Clearly, as people see the various acts, their opinion of the best one changes. Thus the probability of a certain act winning changes over time as more variables enter the equation. This is also affected by hype and, sadly, the aforementioned geography and politics (although I think this is less the case than it used to be).

With Eurovision, it’s likely a safe bet to say that as each act plays, it introduces a new probability of that act winning into the overall picture, and also affects the probability of previous acts’ victories. (Note that a bad song may increase the previous acts’ chances!)

The probabilistic question is whether to start off assuming each act is equally likely to win, or to break time into discrete units and assume that only acts that have played so far have a probability of winning (so at t=2, with two countries having played, the only possible winners are those countries).

Perhaps a mix of the two, mirroring the viewer’s tendency to ‘pick a favourite’ but also look forward to certain new acts. This combines hype and visibility. Once the act has played, it becomes a known variable, affected by future acts but also far more tangible than before.

Would you feel more or less comfortable putting your money on Norway before or after they have played? How about after everyone has played? At what point would you commit £100 to a win - or would you always hedge and put some on your second favourite?

Where this becomes a really interesting problem, for me, is in social media analysis. I was very tuned into the Twitter conversation around Eurovision, although due to information overload and 3G black holes I didn’t see or digest every single tweet. What took part was the pub or living room conversation, on a larger scale.

To what extent did Twitter sentiment about the Eurovision participants reflect the overall voting?

To what extent did it reflect the voting of the United Kingdom?

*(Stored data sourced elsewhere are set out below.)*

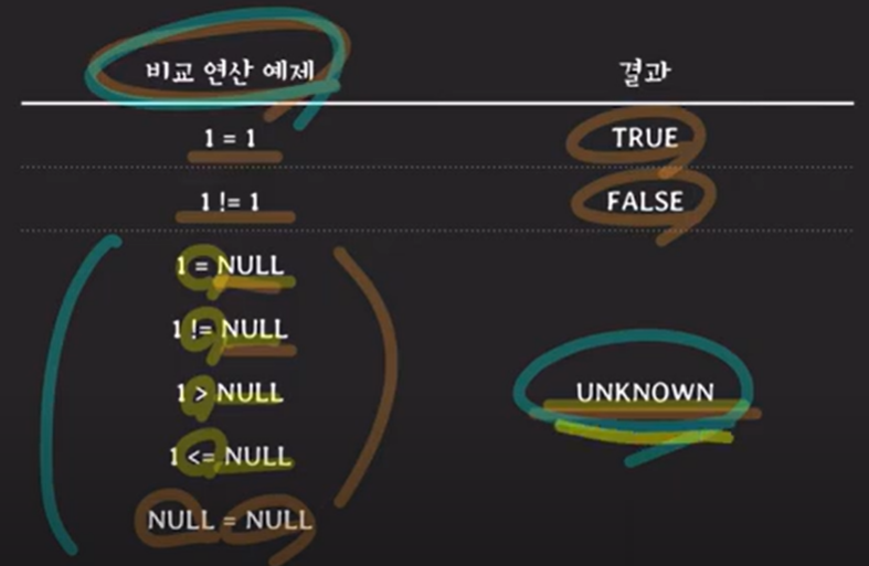 - 비교 연산을 수행할 때, 어느 한쪽에 NULL이 있으면 그 결과는 무조건 UNKNOWN이 된다.
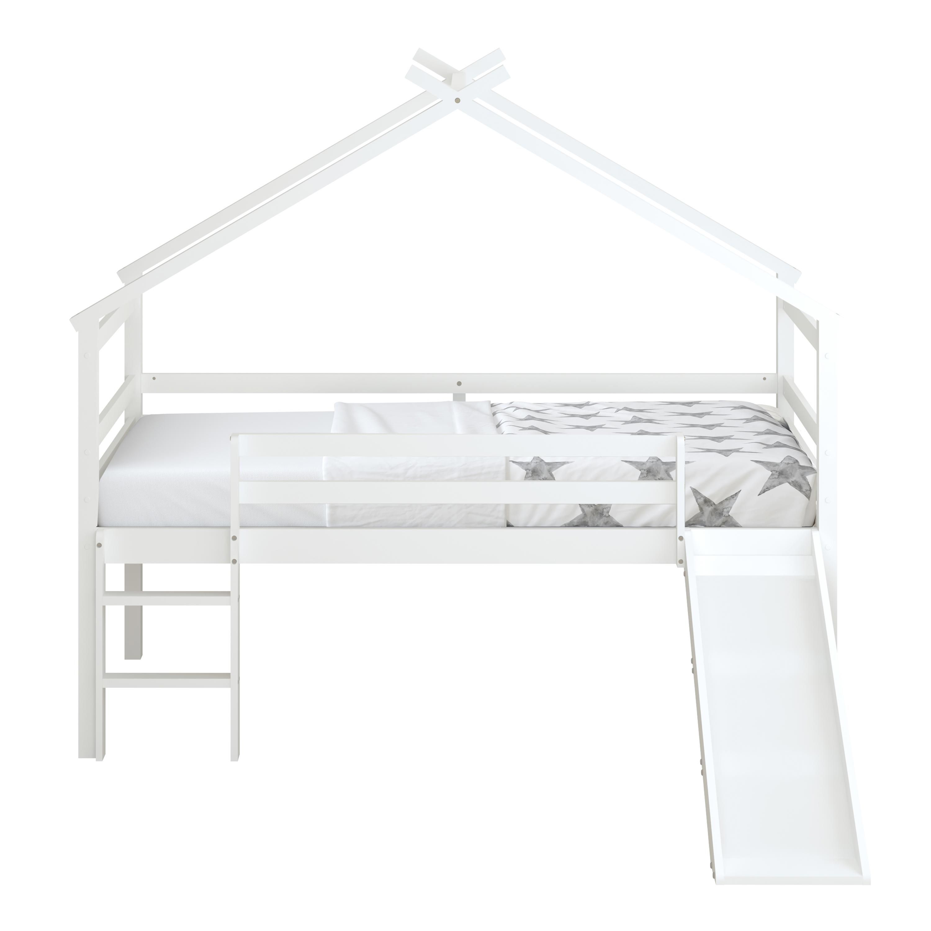 Lit superposé cabane avec toboggan et échelle d’angle 3 marches 90x200 cm, blanc et naturel chicfurn
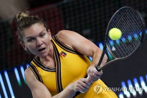 epa09532267 Simona Halep of Romania in action during her match against Anastasia Potapova of Russia at the Kremlin Cup tennis tournament in Moscow, Russia, 19 October 2021. EPA/YURI KOCHETKOV

To what extent was it wildly wrong?

The latter is interesting. Given country X, with a ridiculous Euro-trash entry in some language nobody’s ever heard of, with pink hotpants and glitter and other ridicule-worthy aspects, the conversation traffic about it might be surprisingly positive. It would certainly be disproportionately high given the entry’s quality.

But does this reflect perhaps a sympathy vote? If everyone’s ridiculing Nowherezikstan, does that stop at Twitter snark or does it translate into points? How can we tell the difference between genuine excitement, ridicule just because it’s bad, and ridicule because it’s so bad it’s actually quite good?

Back to the first two questions. Thanks to Twitter geocoding, we can strip out the UK opinion from everyone else’s, or we can just assume that the majority of English-speaking tweets who care about Eurovision will come from the UK. We do need to do some filtering, or else we will just assume our own country wins; as countries can’t vote for themselves, we need to remove that as a possibility.

The ultimate question and gold standard involve two things: how do the betting companies do it? and how can we build something that reflects twitter/online sentiment (think Facebook Connect on a Eurovision live stream) over time, comparing that to votes? It’s like a constant, ongoing, realtime poll that could affect betting as well as simply being a fun way of automatically watching bar charts change as you talk.

Of course, there are problems associated with the IR/NLP side of things. How do we know which entry a tweet refers to? How do we track @-conversations to measure agreement with sentiment? (e.g. @Wossy says Norway’s act is amazing and 100 people say “@Wossy I agree!!!!”). How do we strip out the sarcasm, or do we? Do we build a probability model specific to Eurovision and refine it after every act by looking at the sentiment, or do we simply track mentions and normalise? Do we even normalise?

There are answers to some of these problems, varying from the complicated to the simple (”We don’t”). Some of it is more experimental, to see what’s the best result. And some of it is just academic fun :)

So, next year, if you see an interactive, realtime, constantly-changing chart of who’s going to win Eurovision, you know who created it — and some of the hurdles along the way!